[Supplied records]
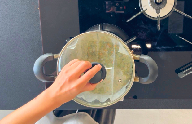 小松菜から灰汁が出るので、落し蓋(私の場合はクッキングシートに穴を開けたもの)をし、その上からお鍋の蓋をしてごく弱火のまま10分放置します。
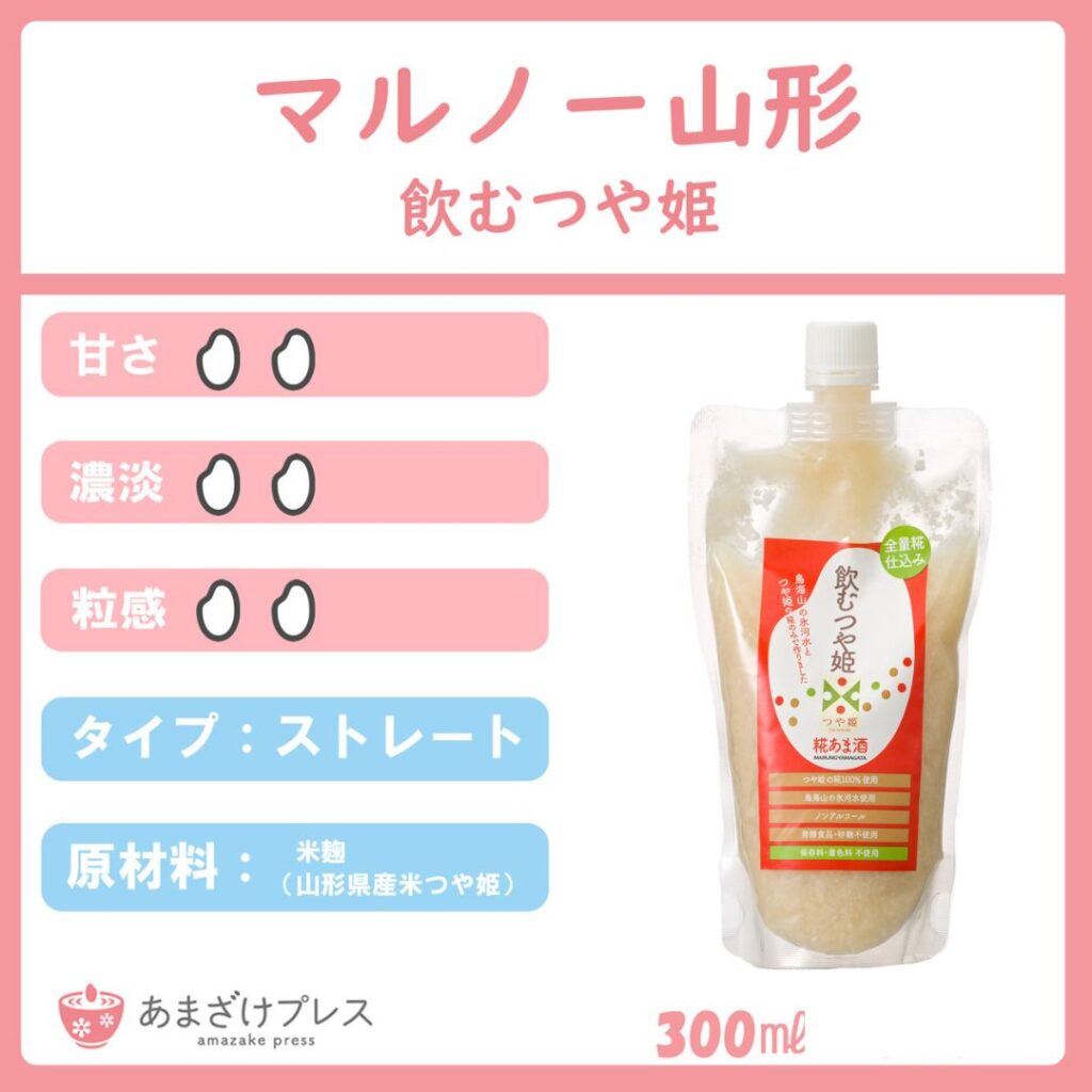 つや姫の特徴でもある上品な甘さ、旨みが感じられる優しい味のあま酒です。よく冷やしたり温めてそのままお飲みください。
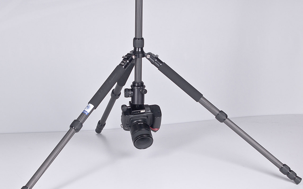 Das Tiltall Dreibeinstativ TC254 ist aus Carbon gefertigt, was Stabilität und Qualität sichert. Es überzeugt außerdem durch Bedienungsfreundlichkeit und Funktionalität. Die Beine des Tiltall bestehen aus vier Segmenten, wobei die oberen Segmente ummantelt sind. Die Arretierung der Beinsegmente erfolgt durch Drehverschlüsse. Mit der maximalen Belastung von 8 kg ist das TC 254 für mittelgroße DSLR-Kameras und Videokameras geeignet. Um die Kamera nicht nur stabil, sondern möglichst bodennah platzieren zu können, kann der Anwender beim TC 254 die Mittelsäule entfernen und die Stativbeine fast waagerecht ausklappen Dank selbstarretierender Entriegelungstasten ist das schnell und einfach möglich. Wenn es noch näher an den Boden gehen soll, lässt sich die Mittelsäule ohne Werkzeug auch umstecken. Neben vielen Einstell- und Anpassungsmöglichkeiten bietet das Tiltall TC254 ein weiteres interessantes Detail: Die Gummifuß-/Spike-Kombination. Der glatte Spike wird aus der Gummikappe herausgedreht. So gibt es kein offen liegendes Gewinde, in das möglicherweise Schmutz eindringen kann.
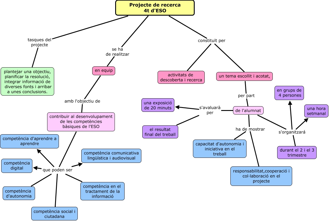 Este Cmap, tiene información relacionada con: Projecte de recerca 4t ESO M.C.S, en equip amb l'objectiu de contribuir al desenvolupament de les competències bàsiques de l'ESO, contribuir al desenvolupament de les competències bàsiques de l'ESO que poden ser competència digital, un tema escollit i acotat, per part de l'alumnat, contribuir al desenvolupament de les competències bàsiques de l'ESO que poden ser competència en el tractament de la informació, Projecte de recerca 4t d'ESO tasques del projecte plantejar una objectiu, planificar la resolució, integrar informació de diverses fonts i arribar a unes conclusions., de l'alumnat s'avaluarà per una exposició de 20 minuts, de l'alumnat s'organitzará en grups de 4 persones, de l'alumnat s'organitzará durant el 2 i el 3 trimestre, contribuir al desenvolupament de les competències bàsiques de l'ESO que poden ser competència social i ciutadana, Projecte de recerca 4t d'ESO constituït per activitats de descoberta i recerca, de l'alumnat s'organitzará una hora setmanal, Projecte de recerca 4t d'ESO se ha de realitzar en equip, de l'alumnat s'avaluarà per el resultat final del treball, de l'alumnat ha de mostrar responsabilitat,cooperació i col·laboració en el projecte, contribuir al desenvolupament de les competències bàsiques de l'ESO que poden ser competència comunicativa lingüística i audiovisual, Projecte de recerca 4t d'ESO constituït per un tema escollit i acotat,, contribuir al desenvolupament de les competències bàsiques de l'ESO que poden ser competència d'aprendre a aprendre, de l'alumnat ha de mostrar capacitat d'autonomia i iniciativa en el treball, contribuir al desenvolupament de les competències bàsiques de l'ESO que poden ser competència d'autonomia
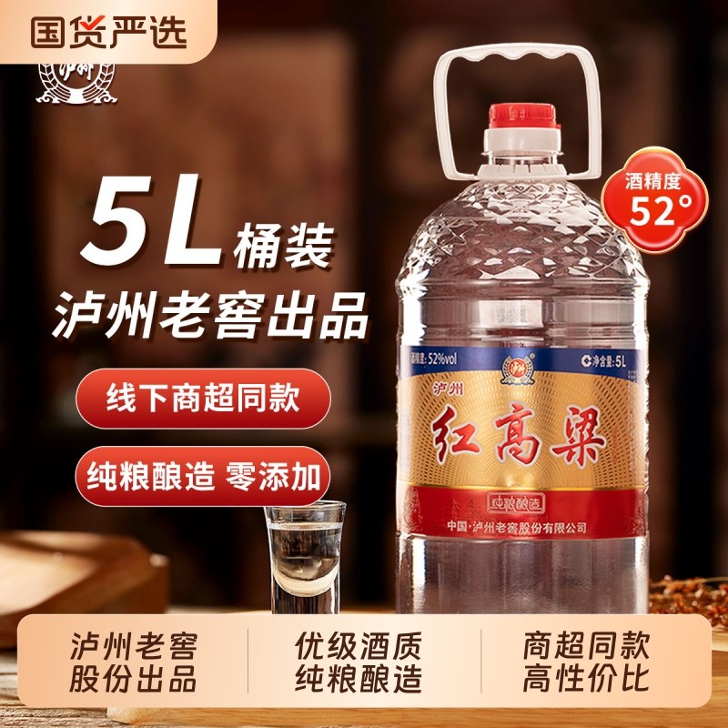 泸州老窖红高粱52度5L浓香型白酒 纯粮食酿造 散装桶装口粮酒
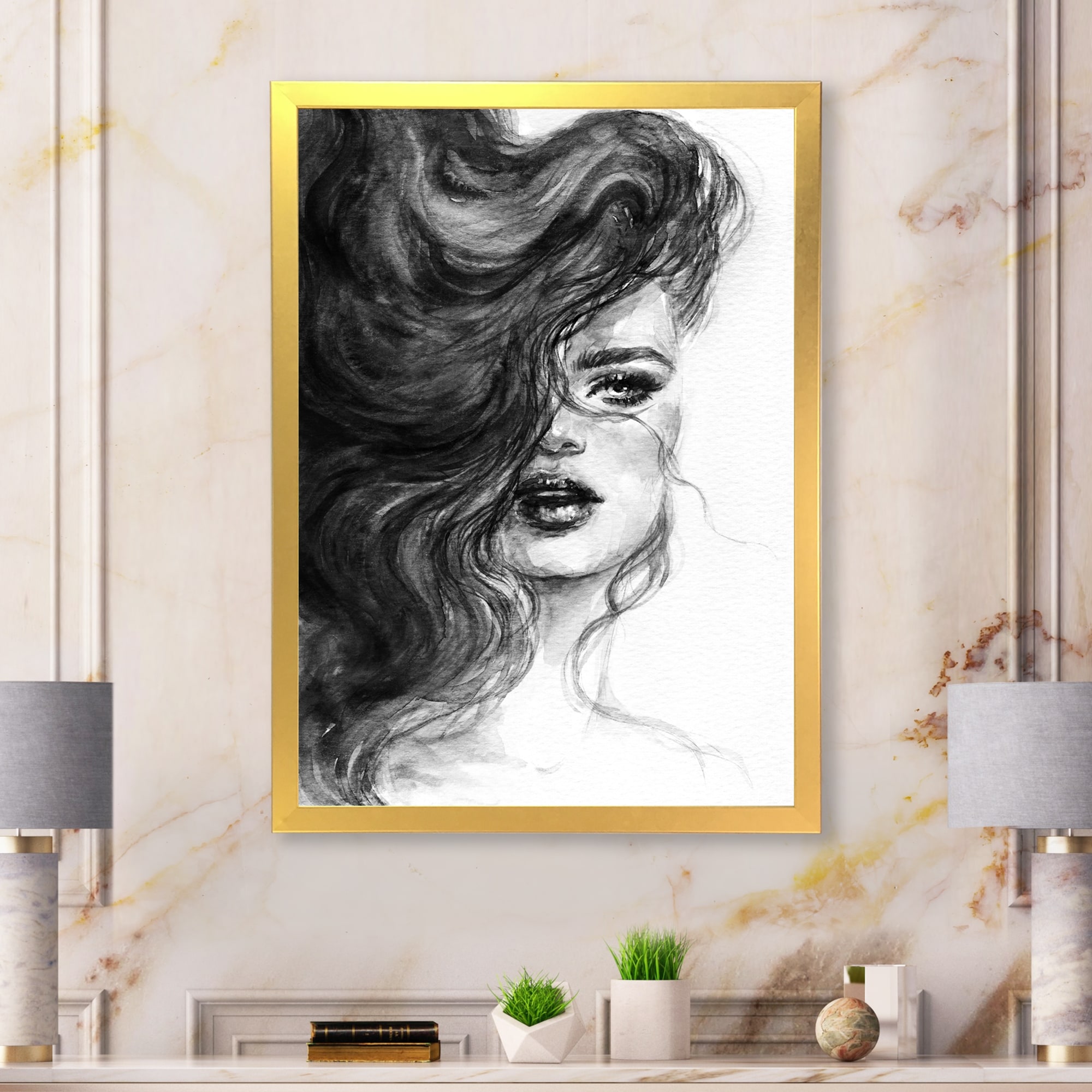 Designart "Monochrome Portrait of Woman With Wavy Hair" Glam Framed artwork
[/Supplied records]
[Supplied records]
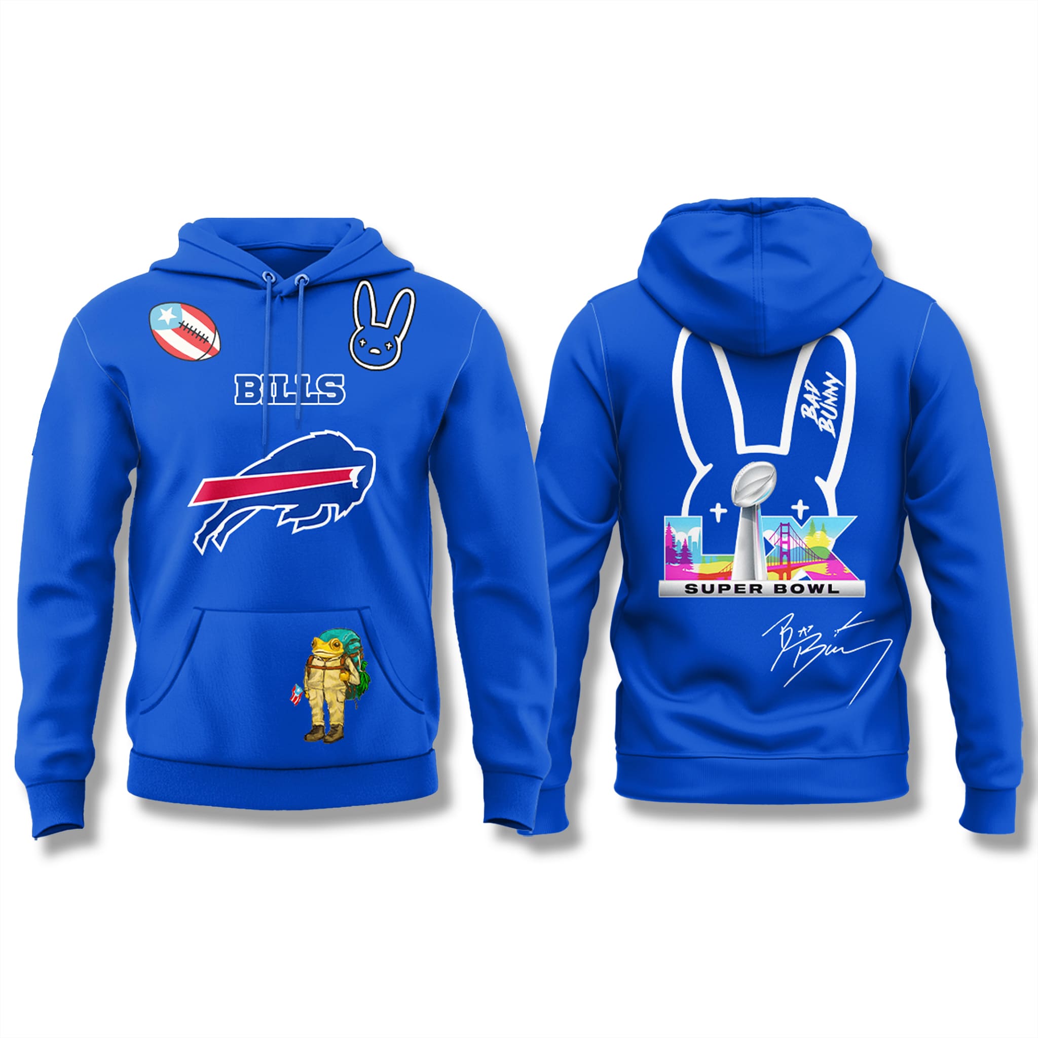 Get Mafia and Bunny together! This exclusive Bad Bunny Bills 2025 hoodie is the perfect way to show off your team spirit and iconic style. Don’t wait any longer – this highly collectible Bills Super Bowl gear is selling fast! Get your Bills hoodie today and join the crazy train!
[/Supplied records]
● **What you will do**: Using the data above, retype exactly and only the lines from the one containing "小松菜から灰汁が出るので、落" up to and including the one containing "Das Tiltall Dreibeinstativ", with no pictures carried over.

● **Expected answer**:
 小松菜から灰汁が出るので、落し蓋(私の場合はクッキングシートに穴を開けたもの)をし、その上からお鍋の蓋をしてごく弱火のまま10分放置します。
 つや姫の特徴でもある上品な甘さ、旨みが感じられる優しい味のあま酒です。よく冷やしたり温めてそのままお飲みください。
 Das Tiltall Dreibeinstativ TC254 ist aus Carbon gefertigt, was Stabilität und Qualität sichert. Es überzeugt außerdem durch Bedienungsfreundlichkeit und Funktionalität. Die Beine des Tiltall bestehen aus vier Segmenten, wobei die oberen Segmente ummantelt sind. Die Arretierung der Beinsegmente erfolgt durch Drehverschlüsse. Mit der maximalen Belastung von 8 kg ist das TC 254 für mittelgroße DSLR-Kameras und Videokameras geeignet. Um die Kamera nicht nur stabil, sondern möglichst bodennah platzieren zu können, kann der Anwender beim TC 254 die Mittelsäule entfernen und die Stativbeine fast waagerecht ausklappen Dank selbstarretierender Entriegelungstasten ist das schnell und einfach möglich. Wenn es noch näher an den Boden gehen soll, lässt sich die Mittelsäule ohne Werkzeug auch umstecken. Neben vielen Einstell- und Anpassungsmöglichkeiten bietet das Tiltall TC254 ein weiteres interessantes Detail: Die Gummifuß-/Spike-Kombination. Der glatte Spike wird aus der Gummikappe herausgedreht. So gibt es kein offen liegendes Gewinde, in das möglicherweise Schmutz eindringen kann.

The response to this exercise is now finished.